VENICE — It’s not Laurel Road instead of the Pinebrook Road/East Venice Avenue intersection. It’s Laurel Road and the intersection.

That’s how Venice City Council Member Mitzie Fiedler explained her intent in proposing Tuesday to “abort” city funding of the intersection and ask the county to use the money to improve Laurel Road.

“We now have better information today than we did in 2012,” she said.

That was when the City Council committed $1.8 million to improvements at Pinebrook Road’s intersections with Ridgewood and East Venice avenues. It later added $500,000 more.

Council Member Chuck Newsom said that when the Planning Commission was revising the comprehensive plan the intersection had more EMS calls than any other in the city.

“We have committed to the citizens that we are going to fix this intersection,” he said.

But the county now says it can redo the intersection for $2.3 million in a way that will last until 2040 and it’s pursuing state money for a design and engineering study that could qualify the work for federal funds.

Fiedler said she wants to keep the city’s commitment in place but as a cap on its contribution.

It could be the case that none of the city’s money would be needed, she said. If not, then all of the $6.2 million in mobility and road impact fees currently budgeted for the work could be spent elsewhere — such as on Laurel Road.

If the city does in fact have to contribute monetarily to the work, the remaining fees could go to Laurel Road, she said.

A transportation analysis projects the road to deteriorate to level of service “F” as development in North Venice continues, she said. It might be a higher priority than the intersection if the projects were evaluated together today, she said.

Her proposal got a cool reception from her colleagues, though not because there’s any disagreement about the need for either project.

Council Member Jeanette Gates was one of several who said that city staff needs to weigh on the idea.

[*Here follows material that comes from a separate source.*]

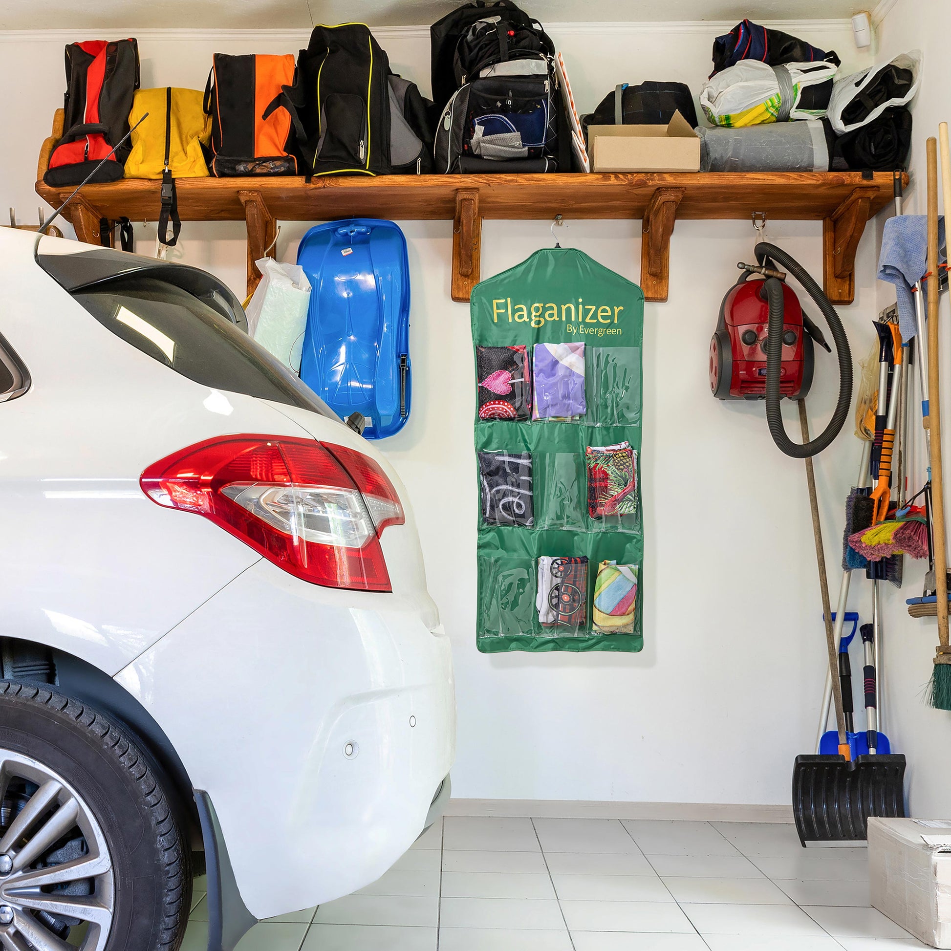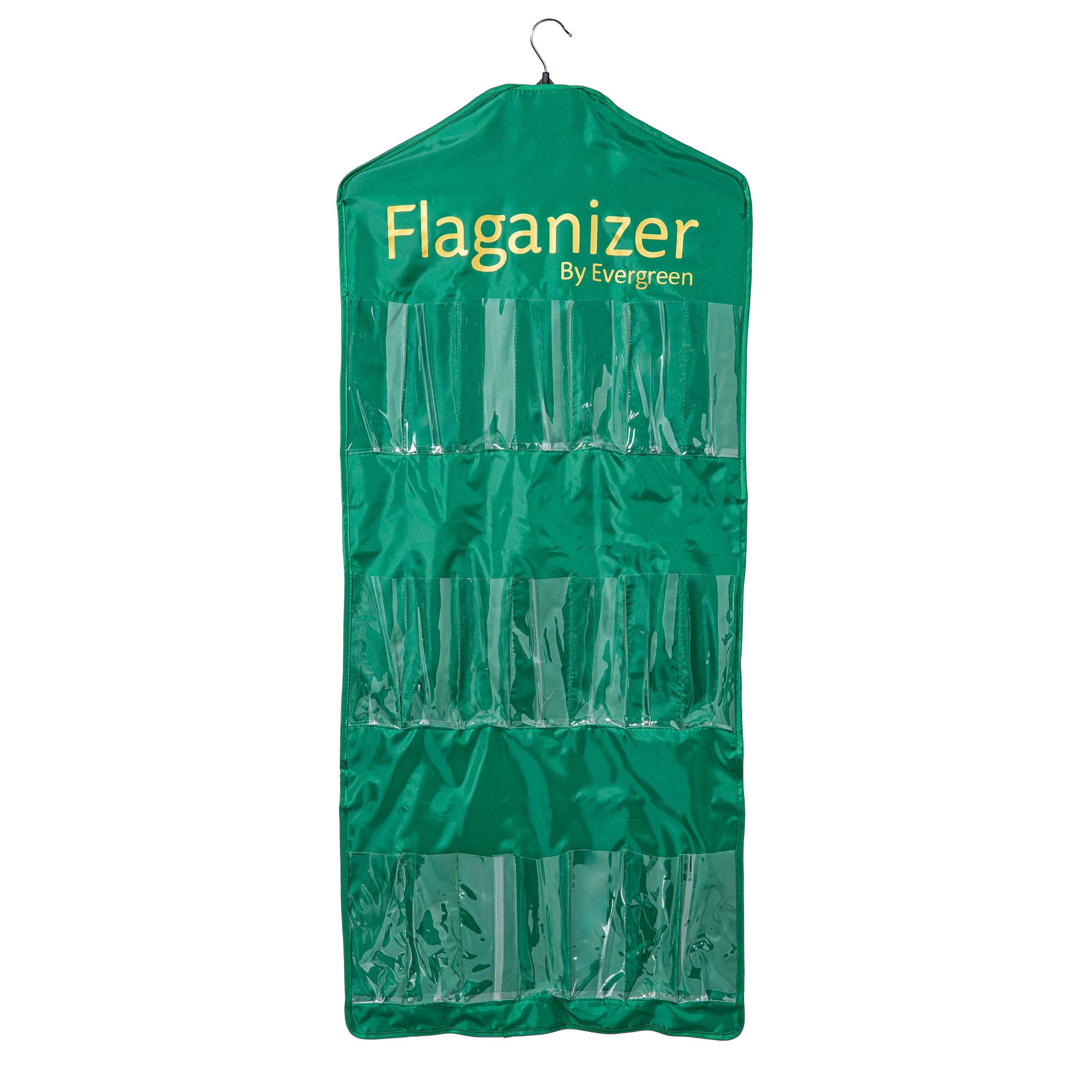 Keep all of your flags organized in one easy location! This two-sided flag organizer can hold up to 33 of your favorite house or garden flags, so you'll easily be able to decorate your home appropriately for the season!

“I don’t have the time frames, I don’t have the numbers I need to vote on,” she said.

Mayor John Holic added that the city would need a firm commitment from the county that its obligation wouldn’t exceed $2.3 million.

“This has to be something strong that future Councils can rely on,” he said, perhaps a resolution from the County Commission.

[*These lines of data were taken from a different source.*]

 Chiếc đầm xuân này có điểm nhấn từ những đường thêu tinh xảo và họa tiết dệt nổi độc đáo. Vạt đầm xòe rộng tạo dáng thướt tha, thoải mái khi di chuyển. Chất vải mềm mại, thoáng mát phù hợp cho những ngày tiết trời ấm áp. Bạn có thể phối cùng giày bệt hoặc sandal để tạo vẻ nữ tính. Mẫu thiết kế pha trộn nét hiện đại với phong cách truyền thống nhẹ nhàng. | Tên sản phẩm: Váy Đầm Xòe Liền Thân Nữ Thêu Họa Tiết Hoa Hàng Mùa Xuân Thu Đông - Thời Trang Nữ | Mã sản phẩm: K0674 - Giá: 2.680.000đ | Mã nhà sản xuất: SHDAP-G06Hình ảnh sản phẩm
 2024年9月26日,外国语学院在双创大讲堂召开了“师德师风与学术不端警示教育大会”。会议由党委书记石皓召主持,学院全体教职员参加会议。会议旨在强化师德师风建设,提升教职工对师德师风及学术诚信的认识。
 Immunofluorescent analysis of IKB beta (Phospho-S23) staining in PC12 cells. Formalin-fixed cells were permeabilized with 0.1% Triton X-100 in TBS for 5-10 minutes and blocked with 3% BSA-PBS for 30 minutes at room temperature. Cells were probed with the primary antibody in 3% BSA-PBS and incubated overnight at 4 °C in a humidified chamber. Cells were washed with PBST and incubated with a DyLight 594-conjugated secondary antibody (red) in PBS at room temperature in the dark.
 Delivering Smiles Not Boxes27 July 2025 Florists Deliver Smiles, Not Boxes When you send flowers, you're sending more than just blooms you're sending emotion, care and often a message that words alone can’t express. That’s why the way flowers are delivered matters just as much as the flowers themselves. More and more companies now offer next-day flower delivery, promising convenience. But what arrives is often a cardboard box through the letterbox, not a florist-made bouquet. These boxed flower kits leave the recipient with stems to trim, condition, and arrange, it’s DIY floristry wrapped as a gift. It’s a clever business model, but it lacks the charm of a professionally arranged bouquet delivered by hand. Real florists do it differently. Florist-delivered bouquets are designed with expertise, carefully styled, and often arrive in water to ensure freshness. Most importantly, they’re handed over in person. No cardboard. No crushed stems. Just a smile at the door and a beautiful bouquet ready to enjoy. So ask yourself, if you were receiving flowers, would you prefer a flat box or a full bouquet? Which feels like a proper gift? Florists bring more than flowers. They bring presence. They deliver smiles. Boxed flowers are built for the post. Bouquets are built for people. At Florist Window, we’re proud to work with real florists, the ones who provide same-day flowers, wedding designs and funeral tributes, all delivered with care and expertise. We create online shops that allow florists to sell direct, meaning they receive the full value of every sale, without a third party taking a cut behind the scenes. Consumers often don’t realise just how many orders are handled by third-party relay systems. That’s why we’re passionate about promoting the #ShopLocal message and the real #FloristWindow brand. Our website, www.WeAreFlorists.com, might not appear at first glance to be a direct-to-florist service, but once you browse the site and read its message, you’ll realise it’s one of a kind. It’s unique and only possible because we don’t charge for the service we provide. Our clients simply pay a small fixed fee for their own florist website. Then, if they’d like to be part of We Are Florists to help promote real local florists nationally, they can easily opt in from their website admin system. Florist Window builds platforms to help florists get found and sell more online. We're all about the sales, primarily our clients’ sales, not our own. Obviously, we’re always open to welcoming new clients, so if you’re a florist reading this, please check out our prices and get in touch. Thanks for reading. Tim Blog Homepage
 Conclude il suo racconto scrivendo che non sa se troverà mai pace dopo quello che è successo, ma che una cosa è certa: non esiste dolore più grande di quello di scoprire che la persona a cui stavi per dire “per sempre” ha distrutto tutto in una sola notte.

Vice Mayor Rich Cautero called Laurel Road a “red flag” and a “cliff we’re heading straight into.”

“All the scenarios point to a failing Laurel Road,” he said.

But, he said, he thinks it may be possible to do both projects.

So does Council Member Bob Daniels, who expressed concern about voting to reallocate mobility and road impact fees, which are actually county funds, without involving the county, the Metropolitan Planning Organization of the state Department of Transportation.

“We need to start by calling timeout on this,” he said.

The city needs to maintain good relations with those other entities, he said, or it could jeopardize millions in funding.

It could be, after further review, Holic said, that the city might decide another road would be an even higher priority — say, for evacuation — than Laurel Road, an east-west route that “is really a road that goes nowhere,” he said.

Fiedler’s proposal was voted down 6-1 but can be brought back up again.